### WORK TASK
An exact reproduction of the data below is expected, free of images.

### INFORMATION SUPPLIED
::::

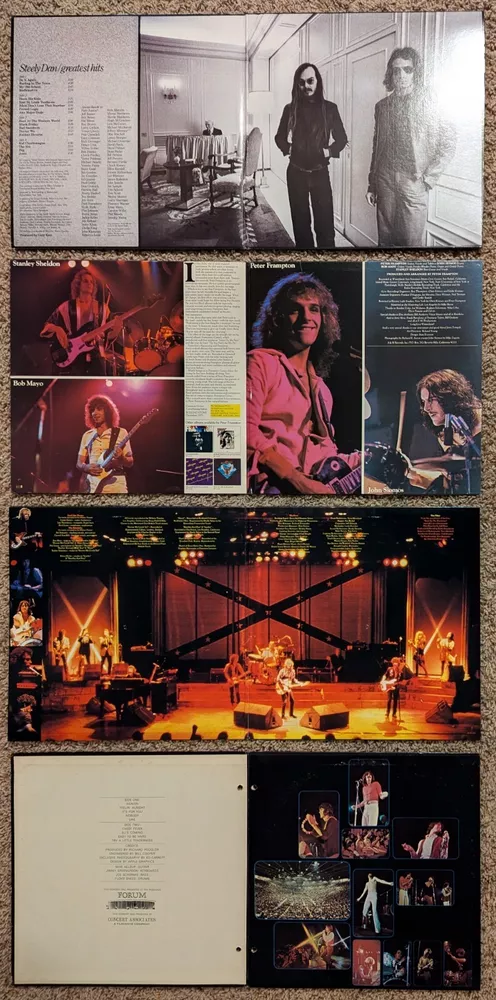 This listing is for the following 6 vinyl LP albums (9 total records, 12" 33 RPM): Steely Dan - Greatest Hits (1978, AK-1107/2) *2 records* Peter Frampton - Frampton Comes Alive! (1976, SP-3703) *2 records* Tom Petty and the Heart Breakers - Pack Up the Plantation-Live! (1985, MCA2-8021) *2 records* Bob Seger and The Silver Bullet Band - Night Moves (1976, ST-11557) Three Dog Night - Captured Live at the Forum (1969, DS 50068) Chicago - Chicago's Greatest Hits (1975, PC 33900) Records are in nice condition with no warping and include jackets and inner sleeves. Jacket for Three Dog Night has holes punched in the left side.
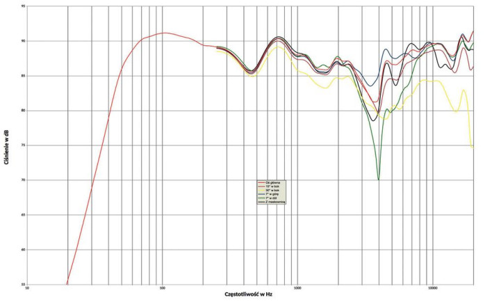 Największe osłabienie powstaje na osi -7º (gdybyśmy użyli wysokich podstawek i usiedli bardzo nisko). Zapadłość jest tak ostra i głęboka, że mówi to nam o niemal dokładnie przeciwnych fazach (na tej osi) promieniowania obydwu przetworników i jednocześnie wskazuje na częstotliwość przecięcia charakterystyk – 4 kHz.
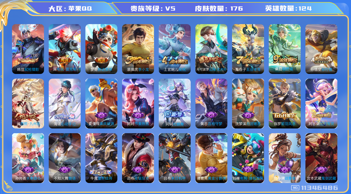 [11346486]V5 1典藏 4传说 124英雄 176皮肤 可修改实名 优质装备:弑枪猎影(韩信典藏),胖达荣荣,电玩·雷克斯 珍宝阁皮:胡桃夹子,女武神 限定皮:愿照·九州拓(澜年限),鸣野蒿,五谷丰年,梁祝,李小龙,孙行者,山海·玄木吟(马可年限) 史诗皮:化蝶舞,星界战将,战舞者,蒙犽顽岩魄,海诺心动手记,百相守梦-黄忠,遇见神鹿,黄金分割率,特工魅影,千年之狐,江河有灵,魅语,蒙恬荣光圣徽,冰冠公主,电玩·爆裂旋风,末日机甲-吕布,节奏热浪,修罗,女仆咖啡,水果甜心,星夜王子,功夫厨神,暗隐猎兽者,鬼剑武藏,心灵战警,纤云弄巧,乘风破浪,月团寄思,水晶猎龙者,箭羽风息,金属风暴,原初追逐者,圣诞狂欢,圣诞恋歌,鹰眼统帅,魅力维加斯,黎明之约
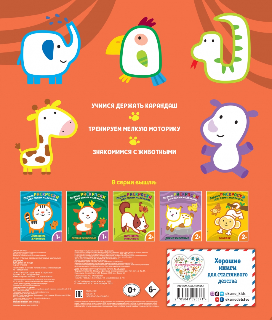 Объем, стр. 12 ISBN 978-5-04-159537-1 Автор Чемеркина Мария Художник Чемеркина Мария Серия Первые раскраски для самых маленьких Год издания книги 2022 Тип обложки Мягкий переплет Иллюстрации Цветные Вес, г 48г Размеры 220х185х2 мм - Отзывы

::::

### TASK SOLUTION
 This listing is for the following 6 vinyl LP albums (9 total records, 12" 33 RPM): Steely Dan - Greatest Hits (1978, AK-1107/2) *2 records* Peter Frampton - Frampton Comes Alive! (1976, SP-3703) *2 records* Tom Petty and the Heart Breakers - Pack Up the Plantation-Live! (1985, MCA2-8021) *2 records* Bob Seger and The Silver Bullet Band - Night Moves (1976, ST-11557) Three Dog Night - Captured Live at the Forum (1969, DS 50068) Chicago - Chicago's Greatest Hits (1975, PC 33900) Records are in nice condition with no warping and include jackets and inner sleeves. Jacket for Three Dog Night has holes punched in the left side.
 Największe osłabienie powstaje na osi -7º (gdybyśmy użyli wysokich podstawek i usiedli bardzo nisko). Zapadłość jest tak ostra i głęboka, że mówi to nam o niemal dokładnie przeciwnych fazach (na tej osi) promieniowania obydwu przetworników i jednocześnie wskazuje na częstotliwość przecięcia charakterystyk – 4 kHz.
 [11346486]V5 1典藏 4传说 124英雄 176皮肤 可修改实名 优质装备:弑枪猎影(韩信典藏),胖达荣荣,电玩·雷克斯 珍宝阁皮:胡桃夹子,女武神 限定皮:愿照·九州拓(澜年限),鸣野蒿,五谷丰年,梁祝,李小龙,孙行者,山海·玄木吟(马可年限) 史诗皮:化蝶舞,星界战将,战舞者,蒙犽顽岩魄,海诺心动手记,百相守梦-黄忠,遇见神鹿,黄金分割率,特工魅影,千年之狐,江河有灵,魅语,蒙恬荣光圣徽,冰冠公主,电玩·爆裂旋风,末日机甲-吕布,节奏热浪,修罗,女仆咖啡,水果甜心,星夜王子,功夫厨神,暗隐猎兽者,鬼剑武藏,心灵战警,纤云弄巧,乘风破浪,月团寄思,水晶猎龙者,箭羽风息,金属风暴,原初追逐者,圣诞狂欢,圣诞恋歌,鹰眼统帅,魅力维加斯,黎明之约
 Объем, стр. 12 ISBN 978-5-04-159537-1 Автор Чемеркина Мария Художник Чемеркина Мария Серия Первые раскраски для самых маленьких Год издания книги 2022 Тип обложки Мягкий переплет Иллюстрации Цветные Вес, г 48г Размеры 220х185х2 мм - Отзывы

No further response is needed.